What you return should be the full listing, word for word, without a single image.

- [PROVIDED MATERIAL]:

__________________________________________________

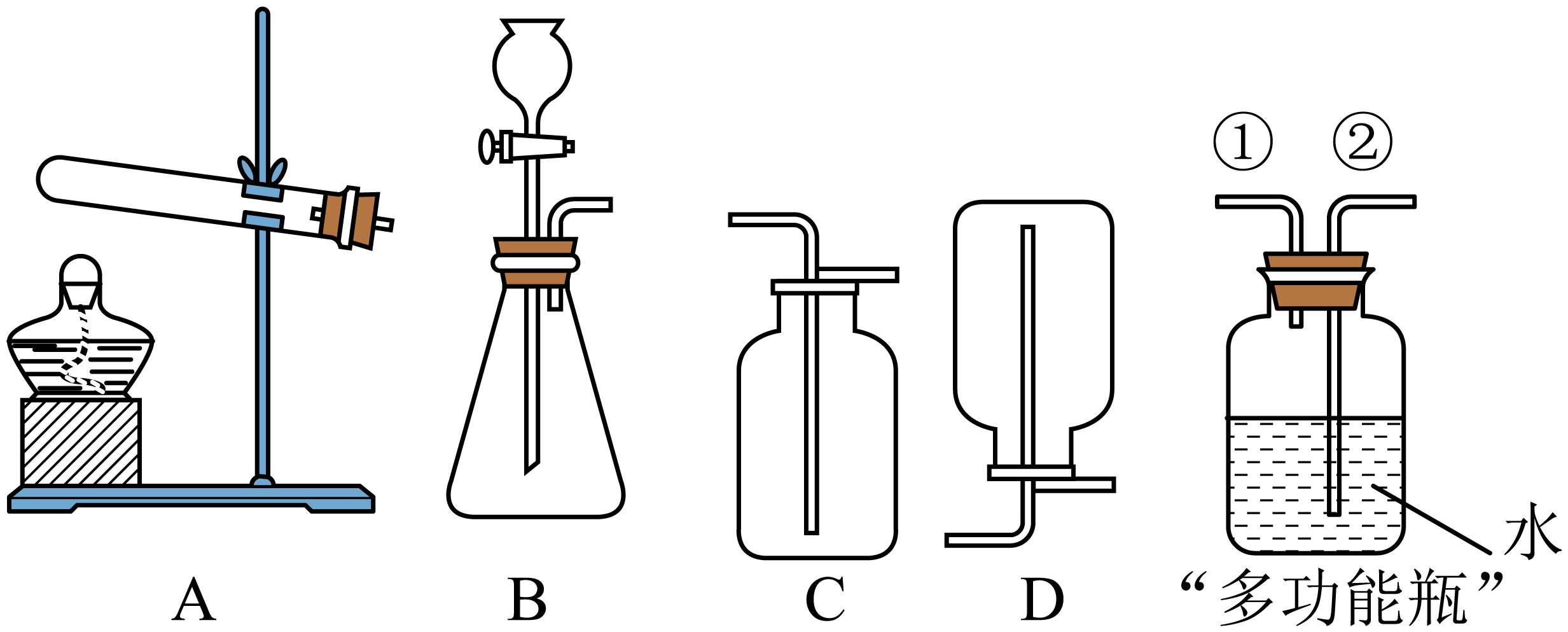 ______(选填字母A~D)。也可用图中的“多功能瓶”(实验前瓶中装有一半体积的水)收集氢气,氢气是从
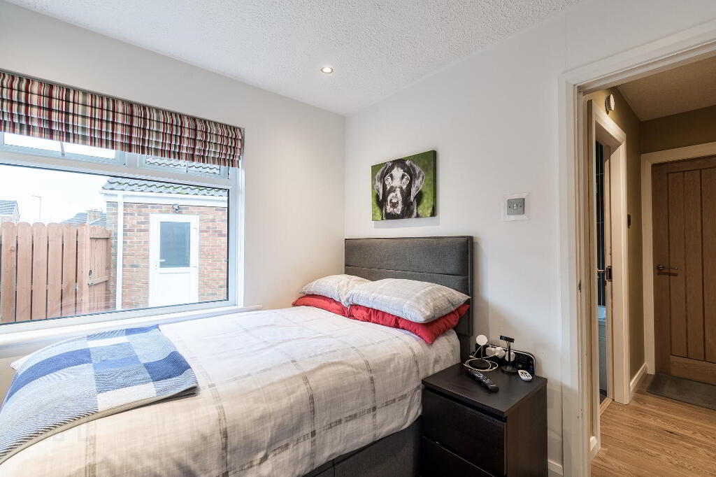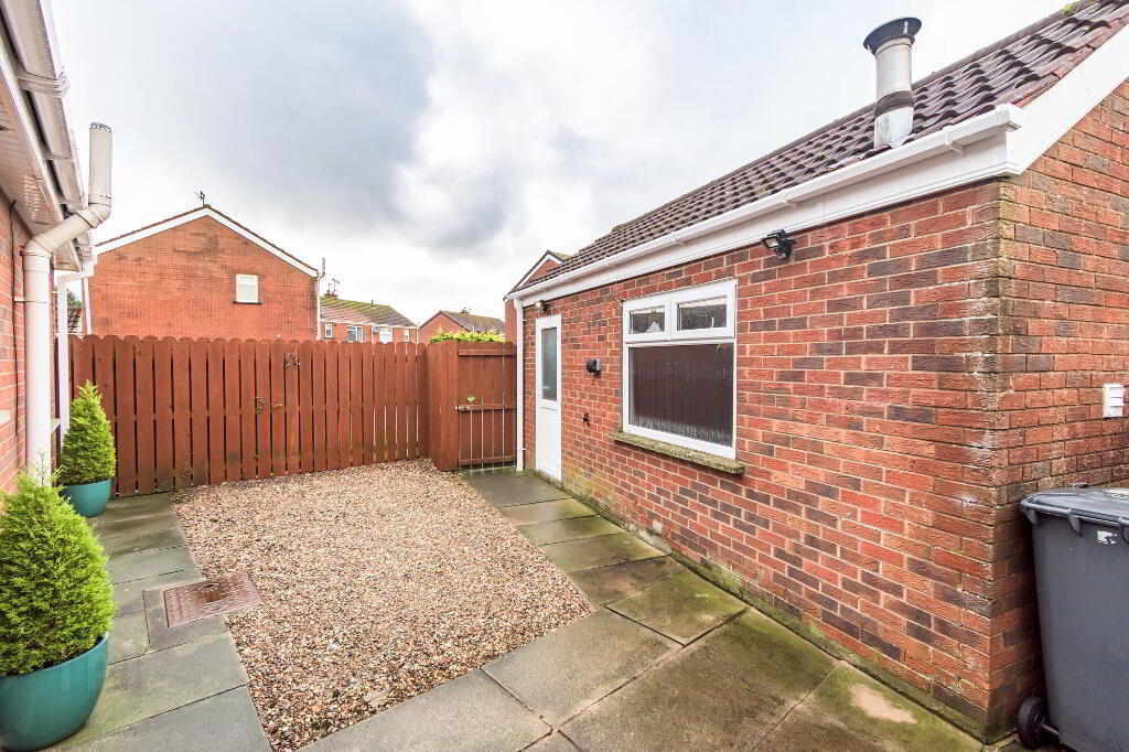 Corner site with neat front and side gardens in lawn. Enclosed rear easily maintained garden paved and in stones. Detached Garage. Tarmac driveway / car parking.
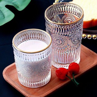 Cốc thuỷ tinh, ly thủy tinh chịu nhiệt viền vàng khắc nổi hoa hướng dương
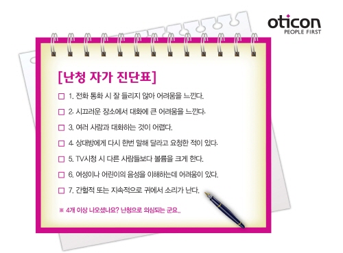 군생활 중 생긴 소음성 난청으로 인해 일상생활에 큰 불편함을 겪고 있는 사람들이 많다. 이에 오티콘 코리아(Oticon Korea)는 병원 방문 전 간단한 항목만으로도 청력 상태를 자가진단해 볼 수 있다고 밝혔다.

__________________________________________________

- [REPLY]:
 ______(选填字母A~D)。也可用图中的“多功能瓶”(实验前瓶中装有一半体积的水)收集氢气,氢气是从
 Corner site with neat front and side gardens in lawn. Enclosed rear easily maintained garden paved and in stones. Detached Garage. Tarmac driveway / car parking.
 Cốc thuỷ tinh, ly thủy tinh chịu nhiệt viền vàng khắc nổi hoa hướng dương
 군생활 중 생긴 소음성 난청으로 인해 일상생활에 큰 불편함을 겪고 있는 사람들이 많다. 이에 오티콘 코리아(Oticon Korea)는 병원 방문 전 간단한 항목만으로도 청력 상태를 자가진단해 볼 수 있다고 밝혔다.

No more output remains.